I would tell. I do not subscribe to the philosophy that cheaters should be protected. I also think it’s a load to say that you would be “involving yourself.” She already involved you.
I have a feeling if the genders were reversed some of the answers would be different.
Generally, IME and from what I’ve read/heard, the cheatee will promptly and loudly dump the truthful friend and defend the louse, no matter what genders are involved. Of course, two years from now, the cheatee might return to the dumped friend and say “you were right.” Are you a gambler?
If you don’t tell, then in two years, the cheatee, in the throes of divorce, will say “you knew and you didn’t tell me?”
So lose your friend now, or lose your friend later. Your choice.
But either way, do keep us informed as events occur!
Speak now or forever hold your peace. I say speak. Everyone has a right to make improtant decisions with all the pertinent information in hand.
“I don’t wish to interfere, and I’m not sure what your relationship status was at the time (you did say they broke up a lot) but I want you to know that X, Y, and Z happened. I won’t repeat this to anyone else, but I felt I should tell you before you commit in case it’s improtant to you.”
A friend of mine got engaged while in the Navy, & his fiancee was living with his mom for a while while he was at sea, & apparently hit on another friend of ours. I’m not sure how much got back to friend in the Navy. But that relationship went back & forth for years. They didn’t get married, then they later flirted with getting back together, then he moved across the country…
The friend she hit on seems to have fallen out with Navy guy–maybe for other reasons.
I think you may as well tell him. A friendship ‘protected’ this way can fail eventually for other reasons. And he may forgive you for telling him sooner than for not telling him.
Well, sure, if you assume that the friendship is going to be destroyed anyway, may as well get some comic value from the mess. But I think it’s better to tell him more privately–but away from weapons.
1987: Party at a friend’s place – I need some smokes, so I say I’m walking up to the store. Friend’s girlfriend comes with me, and halfway there tackles me to the ground and starts making out with me. I go along for a few seconds, then tell her “No, you’re off-limits”.
Friend must’ve known she wasn’t the most faithful one in the world, because when we get back he asks me if anything happened. I lied.
1992: Out at a bar, I run into girlfriend again. She makes another move, and I asked if she was still with friend. She was, so I said “no” again. She moved on to some other guy and spent the evening with her tongue down his throat.
Maybe five years ago: After not seeing him since the early 90’s, I run into friend. After reminiscing for a bit, I come clean about that girl he had dated all those years before and how much of a tramp she was…how she was constantly making moves on me…how I saw her cheating on him with other guys…
Needless to say, trampy teenage girlfriend was now his wife.
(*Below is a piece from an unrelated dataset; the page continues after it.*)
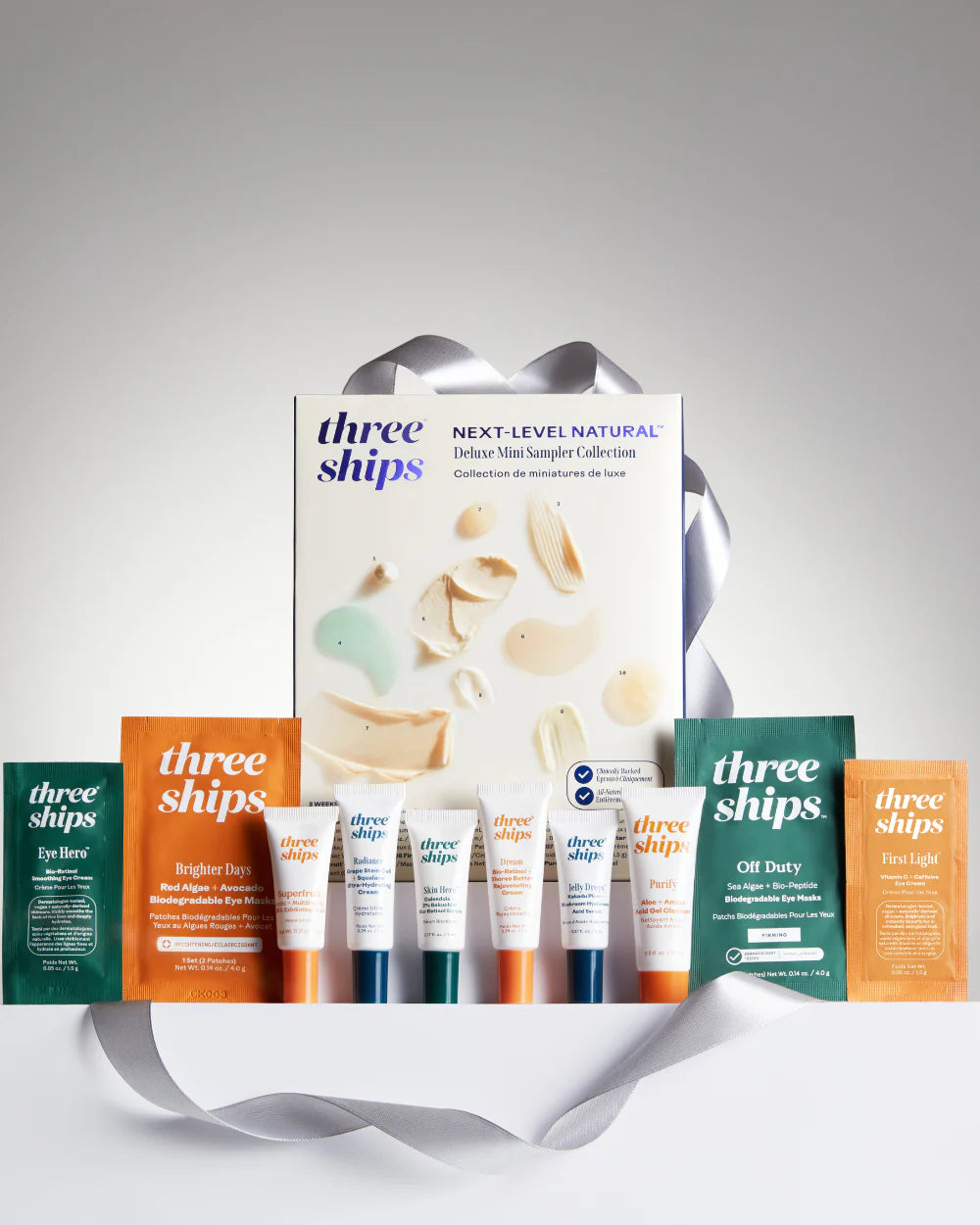 Navigate natural with confidence. Try the best of Three Ships with this dermatologist-tested, all-natural collection of best-selling deluxe minis and samples.

Oops.
“Yep, I knew she did all that, but she’s worth it both then & now.”
OR “Damn I wish youda said something then. I haven’t been able to afford the divorce I’ve wanted since a month after the wedding.”
OR “I KEEELL you!!11!”
ETA: my reaction to the OP: Tell your friend now. All the facts as simply as you can. And accept what happens. Darn few secrets stay secret for long. And even fewer when at least one of the parties is a flake or a drama queen (of either gender).